• Task goal:
Print every line from the start of the data, and when you reach the line with "Ding Dong!Fun is", include it and stop. Pictures are not part of the copy.

• Source material:
● ● ●

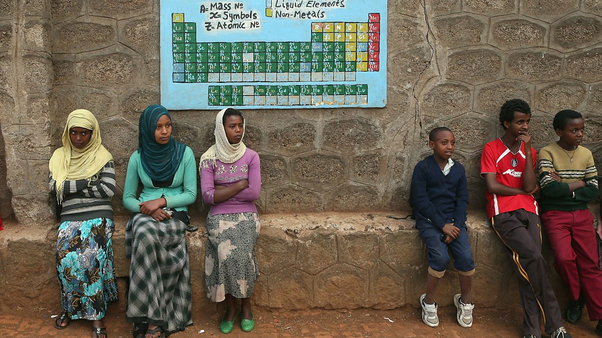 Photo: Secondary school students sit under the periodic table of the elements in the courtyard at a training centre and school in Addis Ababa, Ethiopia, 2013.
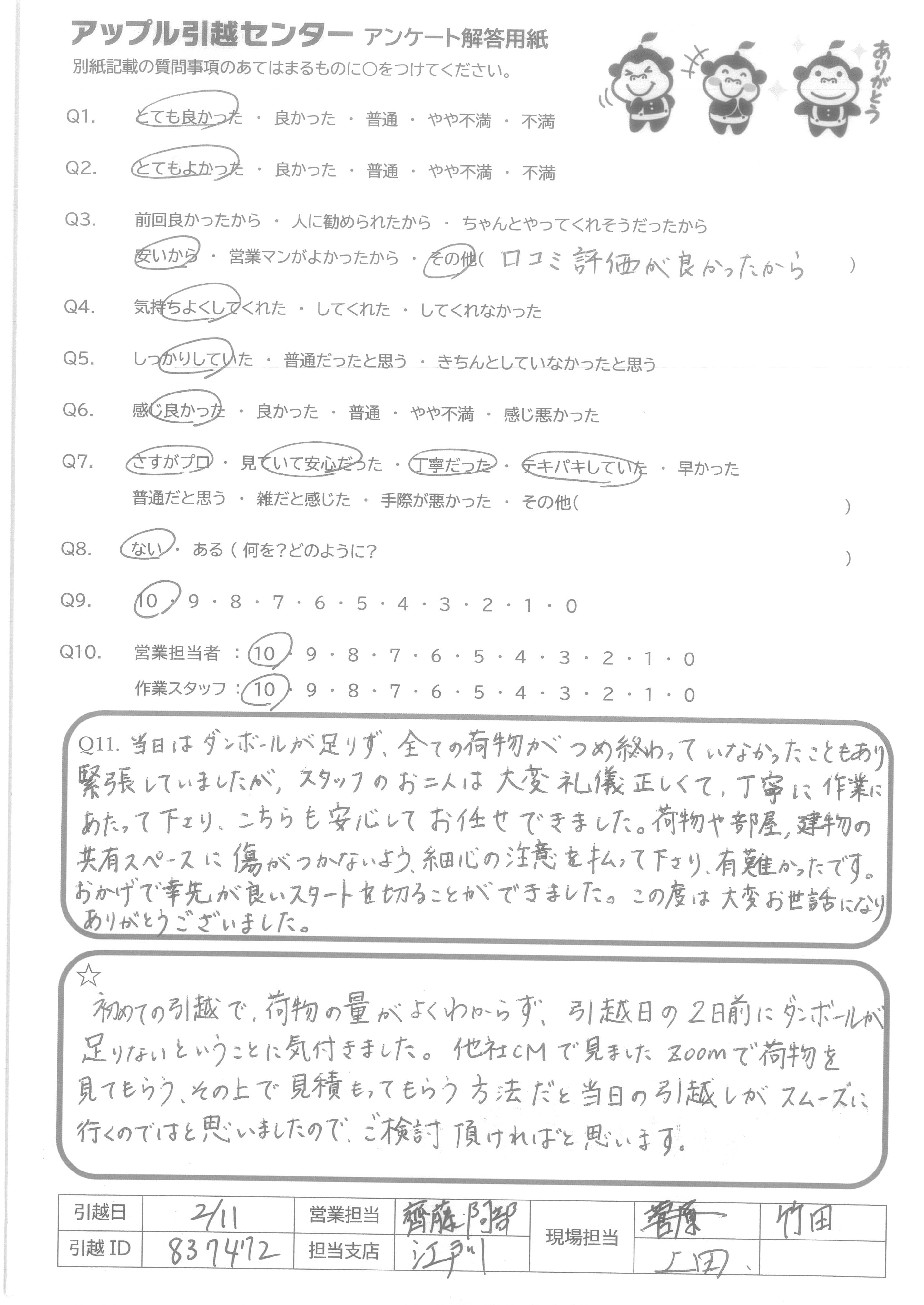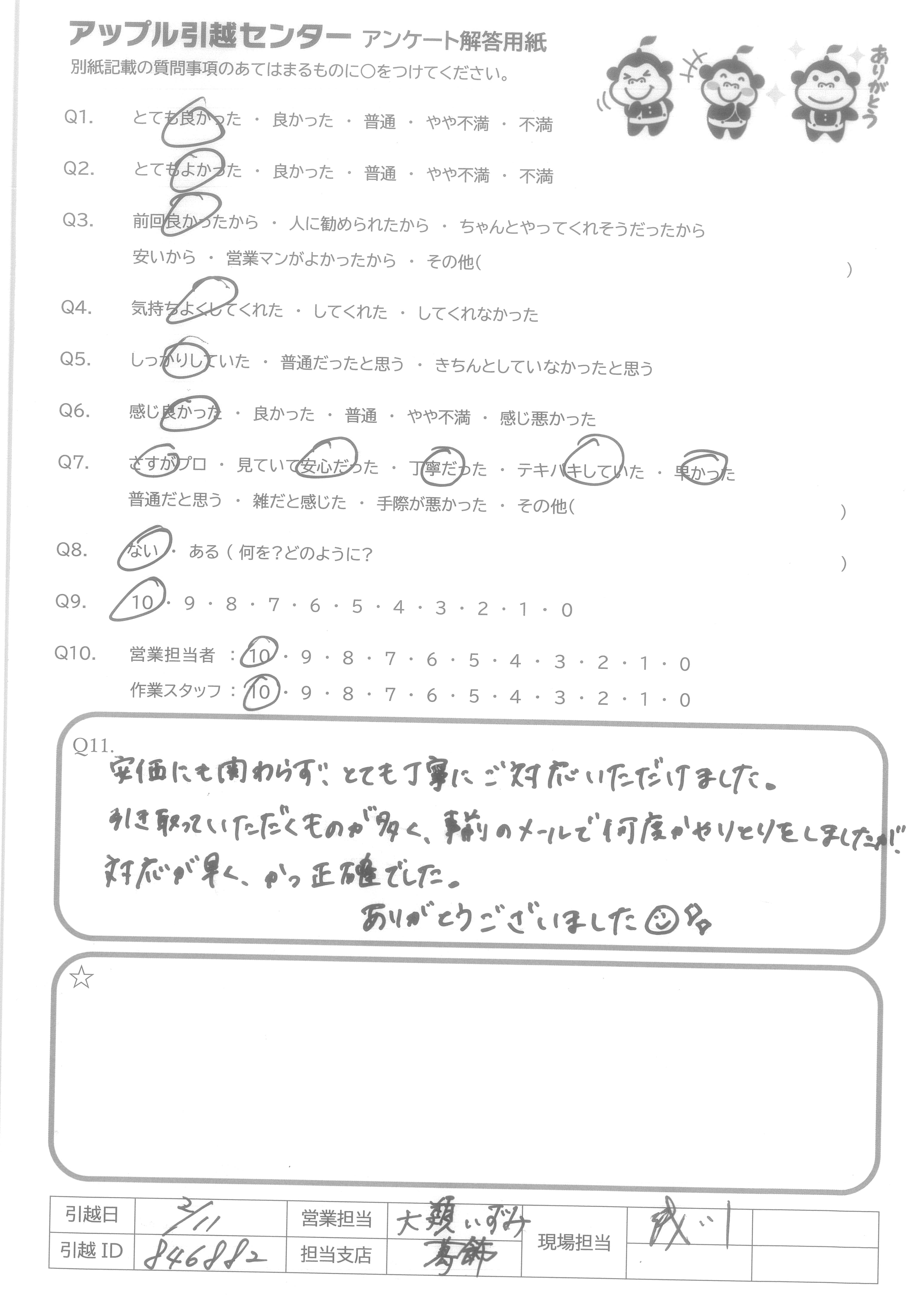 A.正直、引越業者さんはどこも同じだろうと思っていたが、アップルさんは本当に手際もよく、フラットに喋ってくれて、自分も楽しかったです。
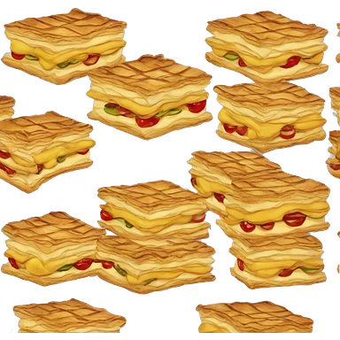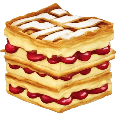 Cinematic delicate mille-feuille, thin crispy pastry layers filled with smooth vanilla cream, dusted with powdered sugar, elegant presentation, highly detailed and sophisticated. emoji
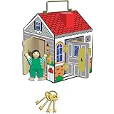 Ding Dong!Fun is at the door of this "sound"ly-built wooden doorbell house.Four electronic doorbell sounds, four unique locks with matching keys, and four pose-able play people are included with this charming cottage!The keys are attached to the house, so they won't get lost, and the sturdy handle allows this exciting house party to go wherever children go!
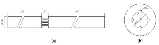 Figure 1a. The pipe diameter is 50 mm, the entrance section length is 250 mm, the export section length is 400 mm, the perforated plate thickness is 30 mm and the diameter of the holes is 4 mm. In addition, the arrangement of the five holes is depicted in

● ● ●

• Response to this exercise:
 Photo: Secondary school students sit under the periodic table of the elements in the courtyard at a training centre and school in Addis Ababa, Ethiopia, 2013.
 A.正直、引越業者さんはどこも同じだろうと思っていたが、アップルさんは本当に手際もよく、フラットに喋ってくれて、自分も楽しかったです。
 Cinematic delicate mille-feuille, thin crispy pastry layers filled with smooth vanilla cream, dusted with powdered sugar, elegant presentation, highly detailed and sophisticated. emoji
 Ding Dong!Fun is at the door of this "sound"ly-built wooden doorbell house.Four electronic doorbell sounds, four unique locks with matching keys, and four pose-able play people are included with this charming cottage!The keys are attached to the house, so they won't get lost, and the sturdy handle allows this exciting house party to go wherever children go!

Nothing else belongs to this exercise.